#### Entries shown ####

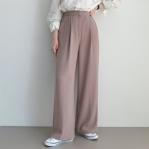 [모노무드]LMO 여성용 핀턱주름 허리뒷밴드 넓은 와이드핏 팬츠팬츠 심플
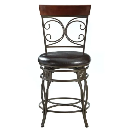 With classic design and style, this chair could be the perfect addition to your home. The dark bronze metal finish and dark brown upholstered seats perfectly compliment each other. This stool is designed to suit large and small people with a generous size and plump cushion. The back has a bronze design and the bottom has square textured details.
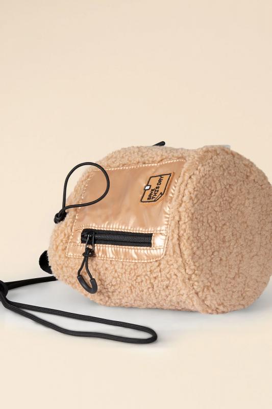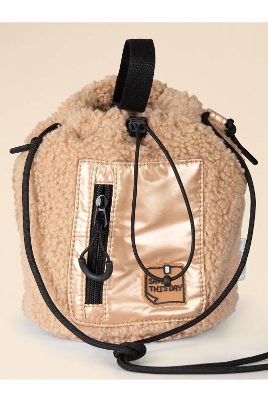 с фактурой барашка. Мягкая и приятная на ощупь, эта сумка напоминает плюшевую игрушку и будет любимым аксессуаром вашего ребенка. Сумка дополнена удобным затягивающимся шнурком с фиксатором, а также внутренним и внешним кармашками для важных мелочей. Силиконовая нашивка с жизнеутверждающим текстом и световозвращающий логотип бренда добавляют аксессуару оригинальности и безопасности. Регулируемый ремешок позволяет носить сумку на плече или в руке. Для этого предусмотрена специальная ручка-петля, которая находится внутри сумки. Порадуйте своего ребенка, выбрав для него эту модную и функциональную сумочку!
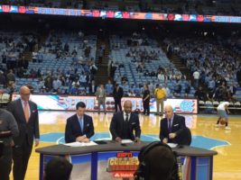 Then, ESPN’s game telecast of Duke’s 84-77 victory transitioned into SportsCenter with anchors Steve Levy and Scott Van Pelt. The show was live on court providing instant reaction and analysis. Duke center Jahlil Okafor also joined the anchors on set.
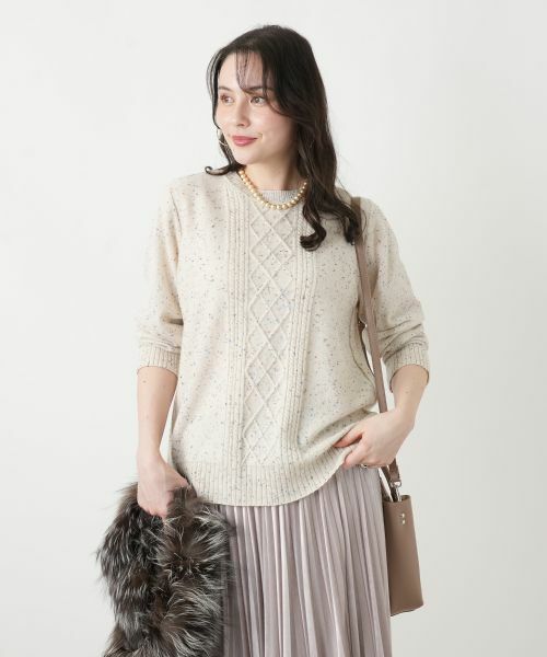 繊細で柔らかな肌触りの上質な素材を贅沢に使用したノーカラーセーター。しなやかな着心地ながらも、暖かさを保ち、冬の冷たい風から優しく守ります。シンプルな無地デザインに、中央のケーブル編みがアクセントを添え、立体感のある表情を演出。ノーカラーの丸首デザインは、デコルテラインを美しく見せ、上品な印象を与えます。シンプルながらも素材の上質さとデザインのこだわりが際立ち、長くご愛用いただけるタイムレスな一枚です。冬のデイリースタイルから、きれいめなお出かけまで、幅広いシーンで活躍するアイテムです。
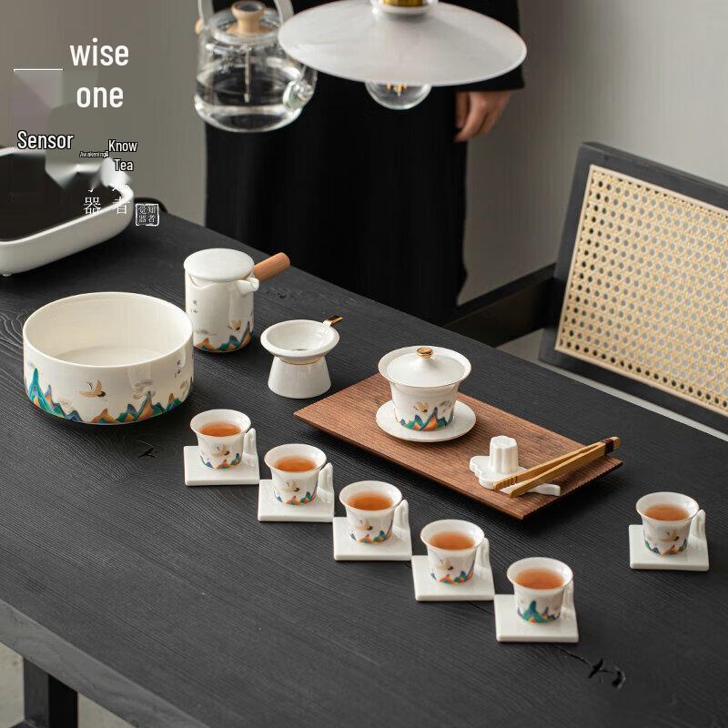 Auspicious Crane Mountain View 20-Piece Ceramic Tea Set
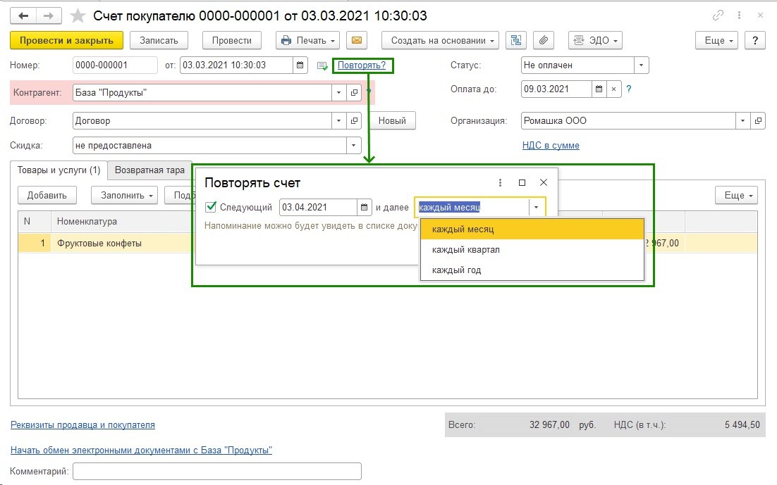 Периодическое выставление счетов в БП 💼 Если вы оказываете одни и те же услуги контрагентам периодически, то вам будет очень полезен функционал повторения счетов покупателям 🔁 В счете покупателю рядом с номером и датой есть гиперссылка «Повторять?» 🔗 При нажатии на гиперссылку откроется вспомогательное окно, где вы сможете установить, когда будет сформирован следующий счет и выбрать периодичность для последующих 📅 После данной настройки в списке счетов покупателям в нижней части формы по гиперссылке «Периодические счета» вы сможете подготовить счет, изменить дату следующего счета, пропустить и убрать из повторяющихся более неактуальный счет. 🔎 Более подробная инструкция со скриншотами по ссылке https://scloud.ru/ask_question/raschety-s-pokupatelyami-i-postavshchikami/periodicheskoe-vystavlenie-schetov-v-bp-3-0/
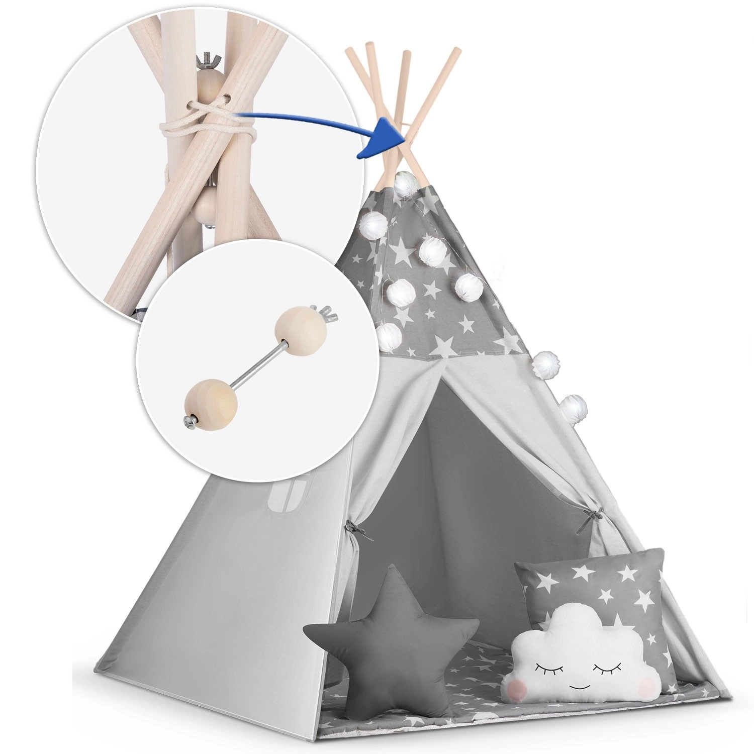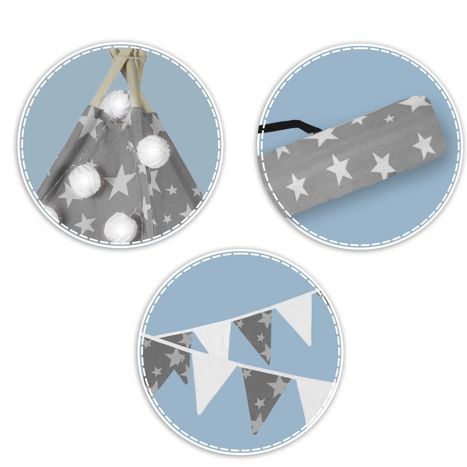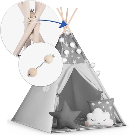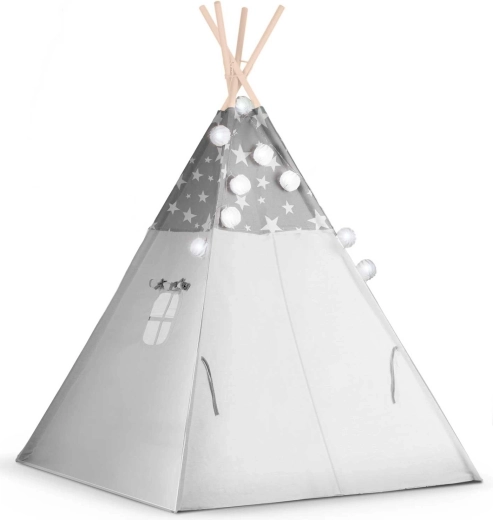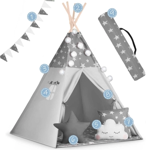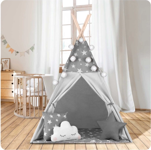 Stwórz dzieciom ich własny przytulny kącik z tipi NUKIDO. Ten stylowy namiot w delikatnym szarym kolorze w gwiazdki uszyto z premium bawełny, ma stabilną drewnianą konstrukcję ze stabilizatorem gratis, a w zestawie znajduje się miękka mata izolacyjna, 3 poduszki, girlanda, światełka i pokrowiec transportowy. Łatwo się składa, świetnie wentyluje i idealnie nadaje się do zabawy, czytania i odpoczynku w domu oraz w ogrodzie.
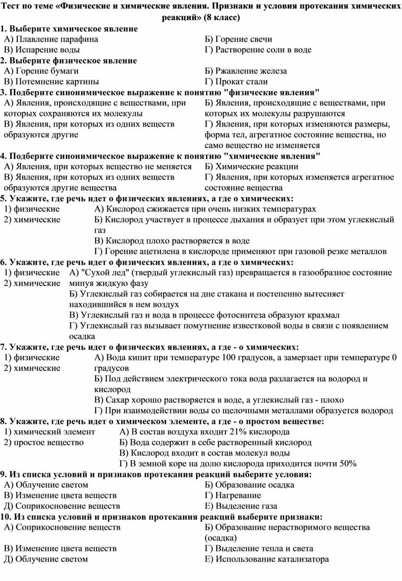Тест по теме «Физические и химические явления. Признаки и условия протекания химических реакций» (8 класс)
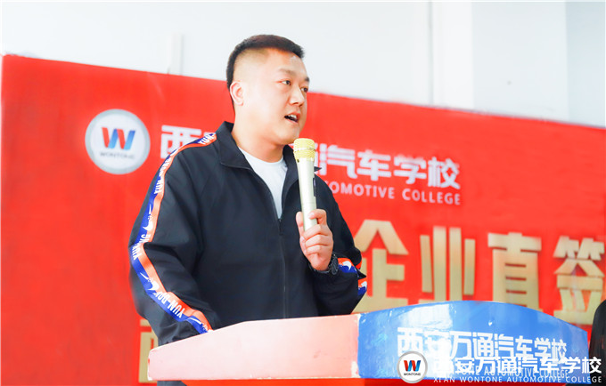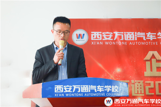 陜西博宏人事總監李總詳細分析了當前我國汽車服務企業發展的形式以及未來汽車后服務市場人才的發展方向,并對西安萬通的辦學水平給予高度評價。他表示通過校企定向培養,能夠依據市場需求,定制國家、行業急需的人才,助力市場經濟發展。
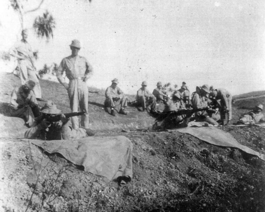 Soldiers of the 182nd Infantry practice marksmanship at a rifle range in Fiji. Picture: JACK MORTON COLLECTION/WWW.182NDINFANTRY.ORG
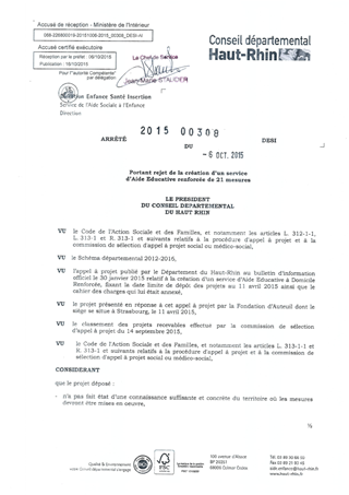 portant rejet de la création d'un service d'aide éducative renforcée de 21 mesures Resumé Pièces jointes ARRETE Assemblée : Non défini Date : 06/10/2015 Rapporteur : Non défini Collectivité : Conseil départemental du Haut-Rhin Direction : Non défini Service : Direction Enfance Santé Insertion Domaine : Autres (non classés) Commission :
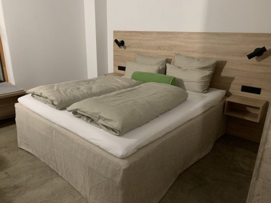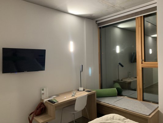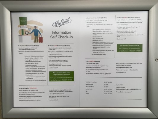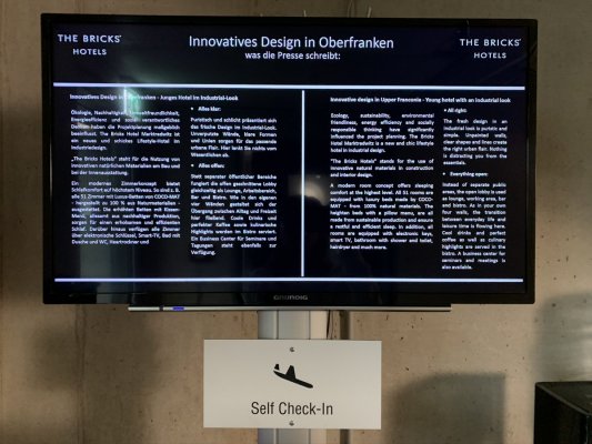 The Bricks Hotel расположен рядом с автобаном, который мы проезжали по пути из Мюнхена в сторону Польши. Отель стал нашей транзитной остановкой. Заселение у нас планировалось позднее, поэтому мы были готовы к тому, что на ресепшине нас встретит полусонный немец, который будет считать минуты до скорейшего нашего “good night”. Подъезжая ближе к точке назначения были смущены тем, что Marktredwitz - это деревня, где нету ни души в 11 вечера. Подъезд к отелю мало был похож на подъезд - вместо асфальта щебень. Но, радовало то, что на парковке было ещё 2 автомобиля, это выселяло надежду, что мы здесь не одни. Подойдя ко входу увидели надпись “self check in” и прямо на двери информацию как это сделать. Оказывается, при проигрывании мне прислали код для входа и внутри мы увидели стойку регистрации. Круто ! Это так современно и здорово. Мы ввели данные, активировали карту-ключ к номеру и все ! Такого я вообще не ожидала в глуши на автобане.
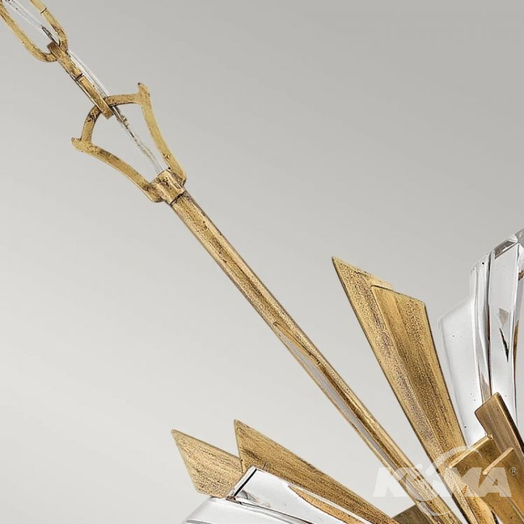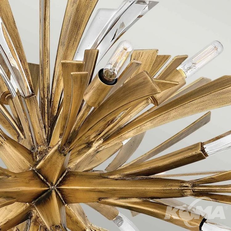 Lampa wisząca Vida z 13 źródłami światła to spektakularna oprawa o kulistej, eksplodującej formie. Dziesiątki złotych, rzeźbionych ramion mieszają się z elementami z grubego szkła, tworząc dynamiczną i elegancką kompozycję. Model ten stanie się centralnym punktem salonu, holu lub ekskluzywnej przestrzeni komercyjnej, takiej jak lobby czy showroom. To propozycja dla wnętrz, które nie boją się odważnych, designerskich rozwiązań.
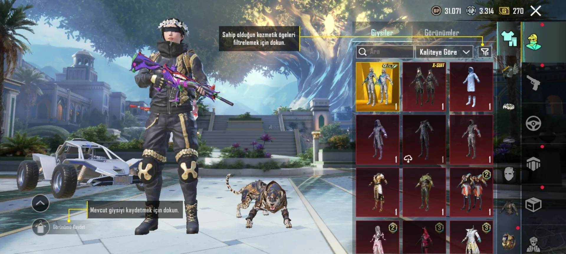 • Koyu Altın Seti (komple) – hesabın en nadir içeriklerindendir

####

Set down again, word for word, every line from the one with "陜西博宏人事總監李總詳細分析" to the one with "Soldiers of the" in the entries above, and omit the pictures.

Answer space:
 陜西博宏人事總監李總詳細分析了當前我國汽車服務企業發展的形式以及未來汽車后服務市場人才的發展方向,并對西安萬通的辦學水平給予高度評價。他表示通過校企定向培養,能夠依據市場需求,定制國家、行業急需的人才,助力市場經濟發展。
 Soldiers of the 182nd Infantry practice marksmanship at a rifle range in Fiji. Picture: JACK MORTON COLLECTION/WWW.182NDINFANTRY.ORG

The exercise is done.